Measure Theory 16 | Proof of the Substitution Rule for Measure Spaces [dark version]
Based on The Bright Side of Mathematics's video on YouTube. If you like this content, support the original creators by watching, liking and subscribing to their content.
The substitution rule equates ∫_Y G d(H_*μ) with ∫_X (G∘H) dμ when H is measurable and the relevant integrals exist.
Briefing
The substitution rule for measure spaces lets integrals be transferred across a measurable map: integrating a function on Y with respect to the image measure can be replaced by integrating the same function composed with the map on X. The key requirement is a measurable function H: X → Y between measure spaces (X, μ) and (Y, ν), where ν is the image measure H_*μ. Under the mild condition that at least one of the two integrals exists, the rule guarantees equality of the two sides—so long as measurability and integrability assumptions line up.
The proof starts with the simplest measurable functions on Y: characteristic functions χ_C of measurable sets C ⊂ Y. For such functions, the integral on the Y-side is just the measure of C. Because the measure on Y is the image measure H_*μ, that quantity equals μ(H^{-1}(C)). On the X-side, the composed function χ_C∘H takes value 1 exactly when H(x) ∈ C, which is the same as x ∈ H^{-1}(C). Therefore, integrating χ_C∘H over X again produces μ(H^{-1}(C)). This establishes the substitution identity for characteristic functions.
Next comes the extension to simple functions. Any nonnegative simple function can be written as a finite linear combination of characteristic functions, say G = Σ_{i=1}^n λ_i χ_{C_i}. Linearity of the integral allows the substitution rule to be applied term-by-term, moving from the characteristic-function case to the full simple-function case. At this stage, the equality holds for all simple measurable G by combining the already-proved set-level identity with the integral’s linearity.

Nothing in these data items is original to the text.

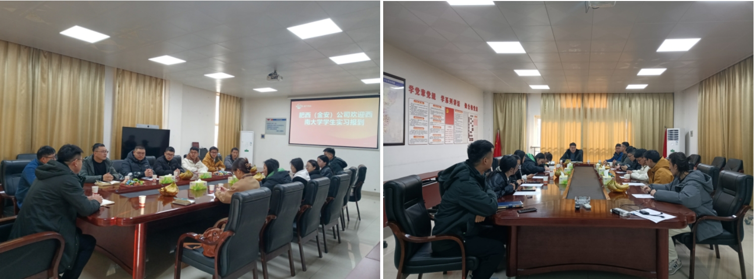 汇集社会资源、促进高素质专业人才培养质量。经学院与温氏集团(合肥温氏和芜湖温氏)双方关于学生开展教学实习相关事宜等进行沟通与协商,于2024年2月26日13名同学从各地齐聚安徽温氏,27日上午,举行了西南大学实习学生座谈会,出席会议的有合肥温氏经理李庆林、王文豪,办公室主任杜杰、畜牧兽医师高文龙、人力资源刘凤;芜湖温氏经理陈昌林、李义杰,办公室主任陈国、人力资源戴英等;会议分别由合肥温氏办公室主任杜杰、芜湖温氏办公室主任陈国主持。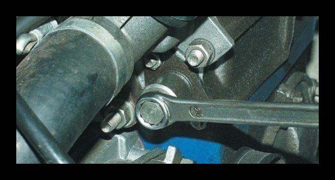- Спуститесь в канаву и демонтируйте защиту поддона картера. Сразу же открутите 3 передних болта, соединяющих поддон с торцевой крышкой, ослабьте гайку на нижнем креплении генератора.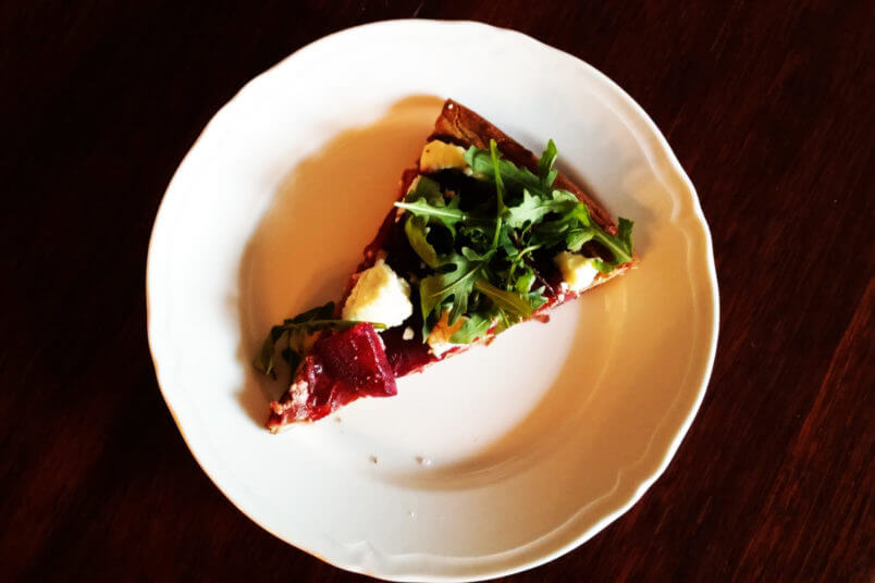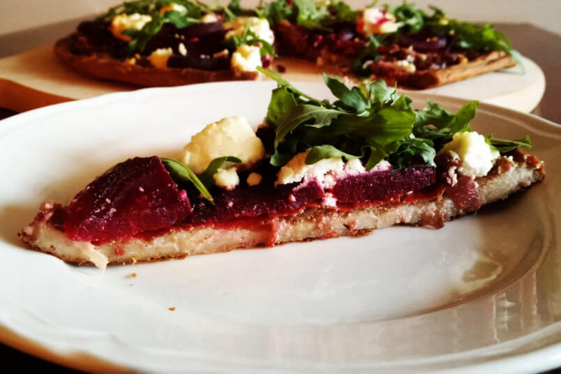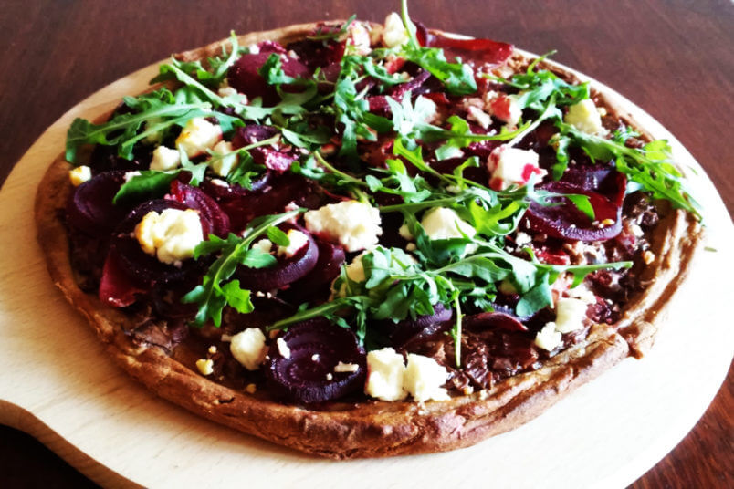 Pizza gryczana z burakiem i serem kozim

To reach general nonnegative measurable functions, the proof uses the definition of the (extended) Lebesgue integral via the supremum over simple functions. For a nonnegative measurable G on Y, one considers simple functions G-tilde on Y that lie pointwise below G. Composing with H transfers these simple functions to X: G-tilde∘H becomes a simple function on X and remains bounded above by G∘H. Since the substitution rule already holds for each such simple function, taking the supremum over all admissible G-tilde yields equality of the integrals for G∘H and G with respect to the image measure.

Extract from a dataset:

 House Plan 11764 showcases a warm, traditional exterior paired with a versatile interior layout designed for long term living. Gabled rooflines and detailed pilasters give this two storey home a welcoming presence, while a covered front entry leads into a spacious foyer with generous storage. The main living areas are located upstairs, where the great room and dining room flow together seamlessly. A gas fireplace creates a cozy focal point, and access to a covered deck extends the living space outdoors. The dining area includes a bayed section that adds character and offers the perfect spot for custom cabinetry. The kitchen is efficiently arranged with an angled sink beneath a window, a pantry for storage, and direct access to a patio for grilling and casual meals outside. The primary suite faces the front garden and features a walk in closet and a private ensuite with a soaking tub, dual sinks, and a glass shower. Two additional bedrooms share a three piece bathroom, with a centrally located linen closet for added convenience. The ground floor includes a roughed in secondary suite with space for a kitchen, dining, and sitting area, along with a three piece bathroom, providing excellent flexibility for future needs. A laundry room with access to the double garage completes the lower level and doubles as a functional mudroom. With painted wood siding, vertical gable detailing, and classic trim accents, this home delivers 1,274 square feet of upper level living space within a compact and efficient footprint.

Finally, the argument handles arbitrary measurable G by splitting it into positive and negative parts. The substitution rule applies separately to the nonnegative components, and if one of the two integrals exists (in the extended sense), the other exists as well. The result is a complete proof of the substitution rule: integrating G over Y with respect to H_*μ equals integrating G∘H over X with respect to μ, provided the relevant integrability condition is satisfied.
Cornell Notes
The substitution rule transfers integrals across a measurable map H: X → Y. When Y carries the image measure H_*μ, the identity ∫_Y G d(H_*μ) = ∫_X (G∘H) dμ holds whenever one side exists (then the other does too). The proof begins with characteristic functions χ_C of measurable sets C ⊂ Y, where both sides reduce to μ(H^{-1}(C)). It then extends to simple functions by writing them as finite linear combinations of characteristic functions and using linearity of the integral. For general nonnegative measurable G, the integral is defined as a supremum over simple functions below G; composing those simple functions with H preserves simplicity and the inequality, so the supremum matches on both sides. Arbitrary measurable G follows by splitting into positive and negative parts.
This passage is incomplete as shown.